§ ASSIGNMENT
The reader should set down exactly the lines from the one containing "und Visionsbilder entwickelt." through the last line of the material, omitting every picture.

********************

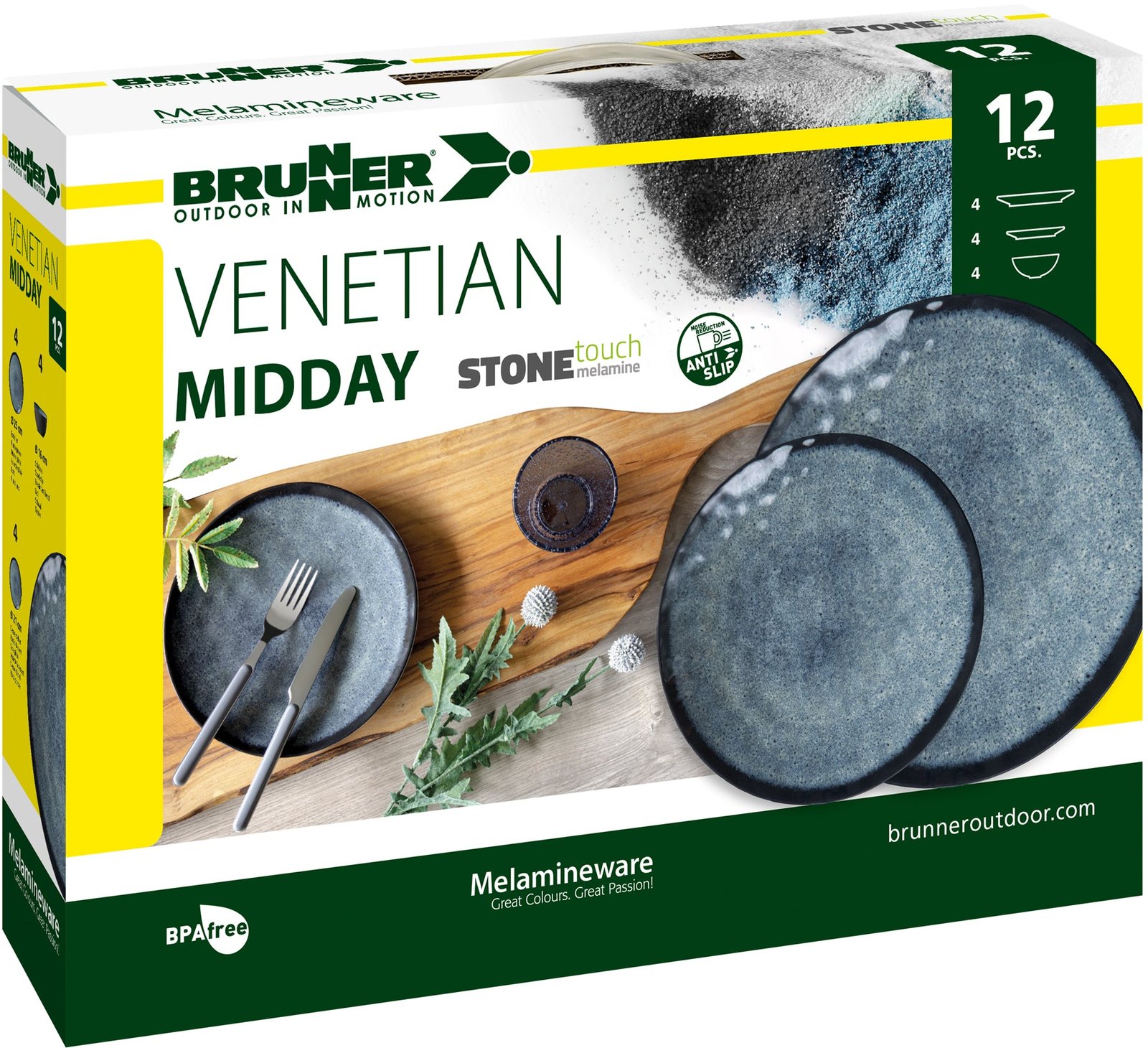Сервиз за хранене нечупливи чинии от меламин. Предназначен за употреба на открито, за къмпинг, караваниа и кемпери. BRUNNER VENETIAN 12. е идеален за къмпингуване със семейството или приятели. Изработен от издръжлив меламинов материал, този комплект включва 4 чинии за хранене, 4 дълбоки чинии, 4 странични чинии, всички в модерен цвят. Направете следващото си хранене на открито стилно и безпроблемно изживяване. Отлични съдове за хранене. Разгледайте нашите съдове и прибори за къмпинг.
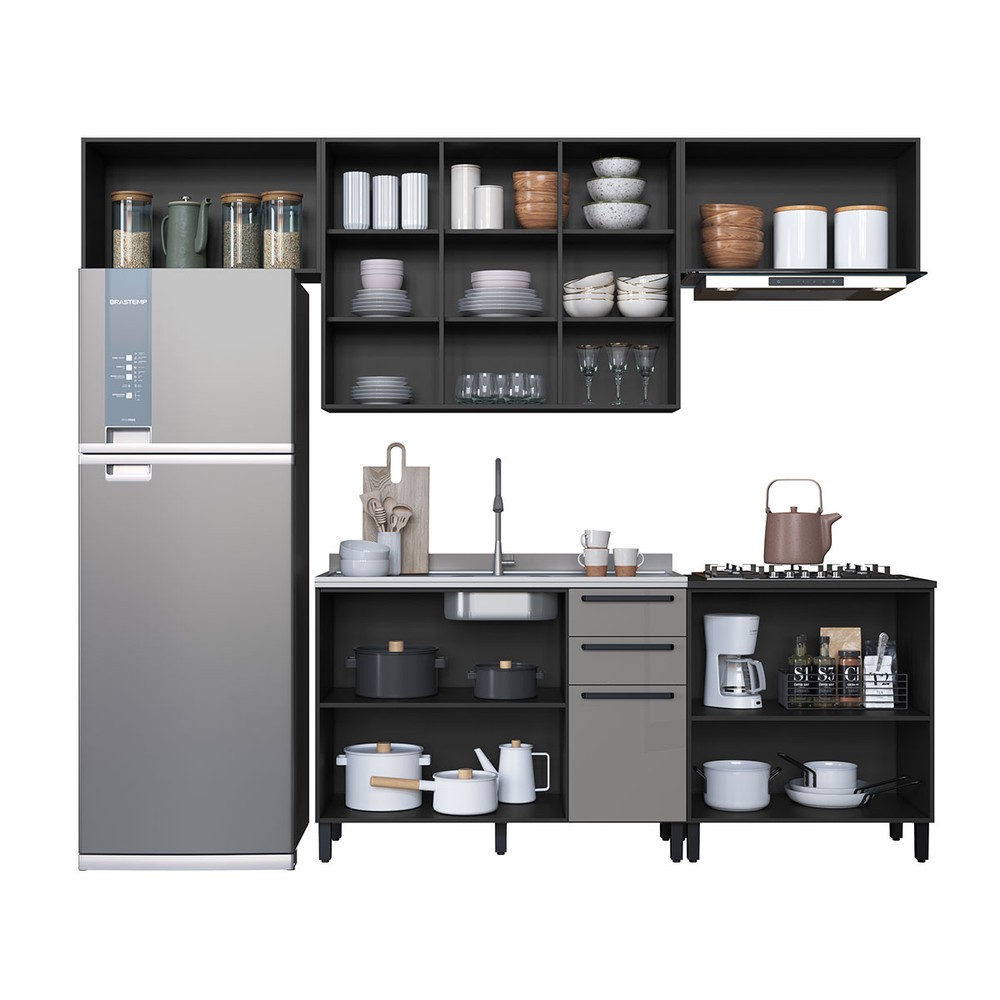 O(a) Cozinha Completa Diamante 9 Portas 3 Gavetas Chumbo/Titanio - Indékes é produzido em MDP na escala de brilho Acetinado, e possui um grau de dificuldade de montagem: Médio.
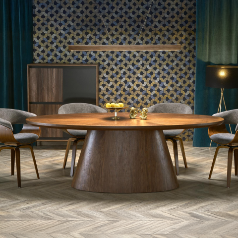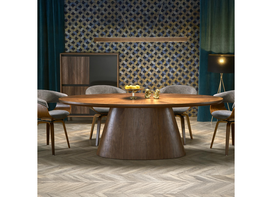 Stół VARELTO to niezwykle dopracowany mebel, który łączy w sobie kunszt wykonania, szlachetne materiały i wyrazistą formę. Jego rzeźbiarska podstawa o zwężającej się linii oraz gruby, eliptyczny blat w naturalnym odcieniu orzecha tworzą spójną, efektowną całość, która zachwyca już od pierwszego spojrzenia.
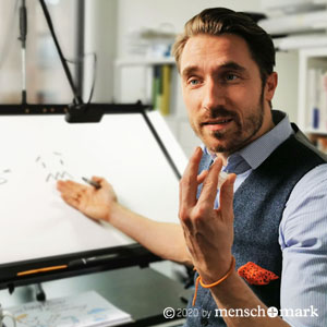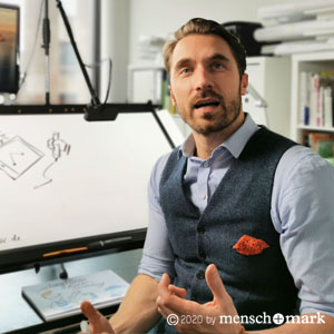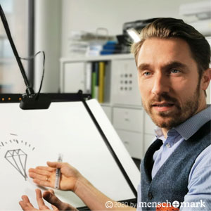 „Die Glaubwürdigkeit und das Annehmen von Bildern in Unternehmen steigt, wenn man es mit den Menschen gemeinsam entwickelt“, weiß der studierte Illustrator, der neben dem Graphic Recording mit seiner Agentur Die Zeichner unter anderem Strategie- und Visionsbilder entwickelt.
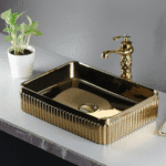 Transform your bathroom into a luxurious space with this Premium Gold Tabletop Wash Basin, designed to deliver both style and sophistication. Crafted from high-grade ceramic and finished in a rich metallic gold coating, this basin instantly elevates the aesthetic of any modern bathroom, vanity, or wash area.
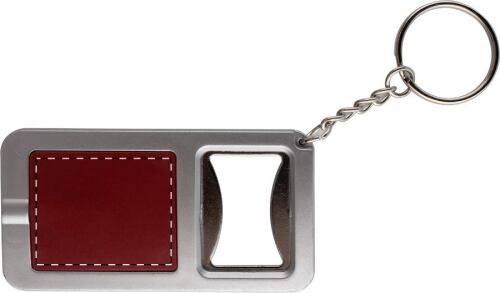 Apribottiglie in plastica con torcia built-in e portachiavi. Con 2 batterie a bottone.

********************

§ ANSWER
 „Die Glaubwürdigkeit und das Annehmen von Bildern in Unternehmen steigt, wenn man es mit den Menschen gemeinsam entwickelt“, weiß der studierte Illustrator, der neben dem Graphic Recording mit seiner Agentur Die Zeichner unter anderem Strategie- und Visionsbilder entwickelt.
 Transform your bathroom into a luxurious space with this Premium Gold Tabletop Wash Basin, designed to deliver both style and sophistication. Crafted from high-grade ceramic and finished in a rich metallic gold coating, this basin instantly elevates the aesthetic of any modern bathroom, vanity, or wash area.
 Apribottiglie in plastica con torcia built-in e portachiavi. Con 2 batterie a bottone.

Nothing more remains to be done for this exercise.